Several pivotal clinical trials have been conducted to evaluate treatments for Head and Neck Squamous Cell Carcinoma (HNSCC), each with distinct design parameters:

PET-Neck Trial

• Randomized trial design

• Faced recruitment challenges including:

• Patient consent refusal due to treatment preference

• Aversion to randomization

• Excess complexity/amount of information provided

• Lack of clinic time

Biomarker Predictive Study

• Included 28 patients with non-operable tumors of the oral cavity or oropharynx
• Conducted short-term culture of tumor fragments irradiated ex vivo
• Investigated biomarkers including CD44, pATM, and γ-H2AX

Bevacizumab Study

• Evaluated anti-tumor effects of bevacizumab on HNSCC
• Used both in vitro testing against HNSCC cell lines and in vivo testing with HNSCC xenografts in mice
• Assessed combination therapy of bevacizumab-paclitaxel

VE-822 (p-ATR inhibitor) Study

• Evaluated combination with cisplatin in cisplatin-resistant and sensitive HNSCC cell lines
• Methods included comet assay, western blot, CCK-8 test
• Validated in subcutaneous xenograft models of nude mice

RADPLAT Trial

• Studied 250 patients with advanced head and neck cancer
• Treatment with intra-arterial cisplatin and radiotherapy
• Excluded patients who didn't complete protocol or were unavailable for follow-up

Recurrent-Metastatic HNSCC Trial

• Included 40 patients divided into two groups:

• 14 long-progression-free survival (PFS) patients

• 26 short-PFS patients

• Examined gene expression of pretreatment samples

Gefitinib with Cisplatin/Radiotherapy Study

• Recruited 31 patients with locally advanced and easily accessible primary tumor sites
• Gefitinib was started 3 weeks before cisplatin/concurrent radiotherapy
• Continued during CTRT and for 4 months as consolidation

Trial Endpoints

Primary Endpoints

• Overall survival (in De-ESCALaTE and RTOG 1016 studies)
• Progression-free survival (in De-ESCALaTE and RTOG 1016 studies)

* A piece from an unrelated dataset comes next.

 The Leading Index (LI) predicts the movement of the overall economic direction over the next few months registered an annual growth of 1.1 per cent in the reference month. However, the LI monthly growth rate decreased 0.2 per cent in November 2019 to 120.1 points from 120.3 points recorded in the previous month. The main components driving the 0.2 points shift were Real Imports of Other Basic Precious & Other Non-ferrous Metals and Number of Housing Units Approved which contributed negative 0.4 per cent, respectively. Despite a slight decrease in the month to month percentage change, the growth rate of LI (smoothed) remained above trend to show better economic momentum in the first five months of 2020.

Secondary and Exploratory Endpoints

• Biomarker analysis:

• CD44 (stemness status)

• pATM and γ-H2AX (DNA damage response)

• EGFR protein expression, FISH and mutational status

• MMP11 protein expression

• Response rates:

• Complete response (CR)

• Partial response (PR)

• Stable disease (SD)

• Progressive disease (PD)

• Biological effects:

• Blood vessel density

• Apoptotic index

• Cell proliferation

• Migration

• Colony formation

• Drug resistance mechanisms:

• Protein levels of HER family receptors (EGFR, HER2, HER3)

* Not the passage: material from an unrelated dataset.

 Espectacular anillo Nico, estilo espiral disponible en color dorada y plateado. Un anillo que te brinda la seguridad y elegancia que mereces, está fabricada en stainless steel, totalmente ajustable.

• Downstream activation of AKT and MAPK

• Safety and toxicity evaluation

In immunotherapy trials, nivolumab and pembrolizumab were approved as second-line treatments for platinum-refractory recurrent/metastatic HNSCC, while atezolizumab and durvalumab showed similar benefits in phase Ia and II studies.

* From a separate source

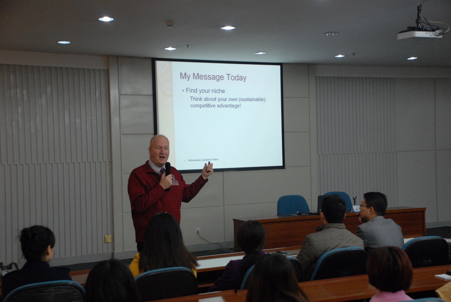 Vernon J. Richardson教授的报告从“信息技术对供应链系统的影响”、“信息技术对财务报告质量的影响”和“信息技术对公司管理预测与决策行为的影响”等几个方面对当今经济管理领域的国际热点研究问题进行了精彩阐述,并回答了老师和同学们提出的各种问题。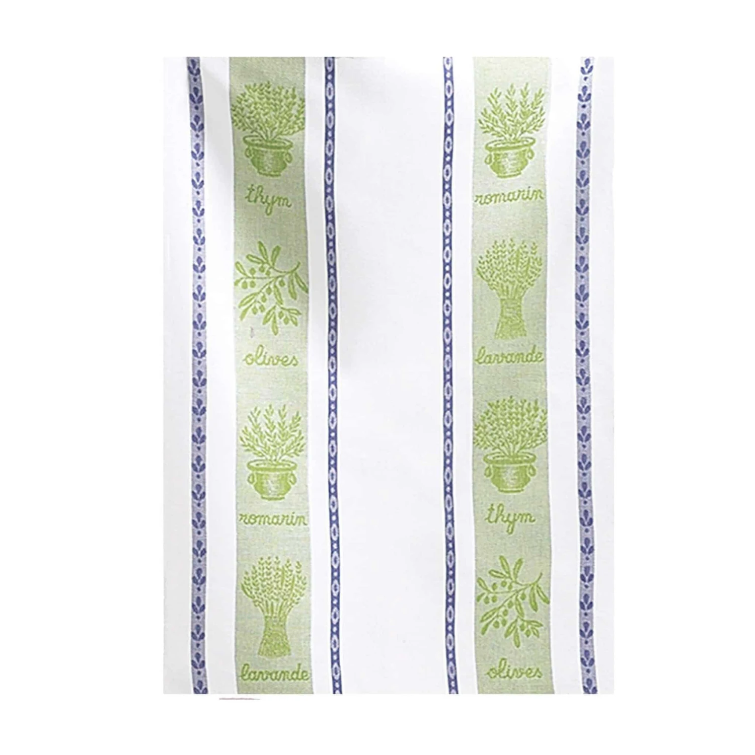 This elegant green dish towel is framed with decorative olive leaves and ornamental scrolls, and celebrates one of the essentials of great Meditteranean cooking – olive oil! The generously sized tea towels are made from 100% cotton, with rich green patterning.

Drug used in other indications

Based on the provided context, there is no information available about:

• BI 765063 being trialled for Head and neck squamous cell carcinoma or any other indications
• Ezabenlimab being trialled for Head and neck squamous cell carcinoma or any other indications
• Cetuximab being trialled for indications other than Head and neck squamous cell carcinoma

Additionally, the context does not provide any information about the intervention models for clinical trials involving these medications.

The context only mentions cetuximab in relation to Head and neck squamous cell carcinoma (HNSCC), non-melanoma skin cancer, and as a general EGFR inhibitor, but does not specifically discuss clinical trials for indications beyond HNSCC.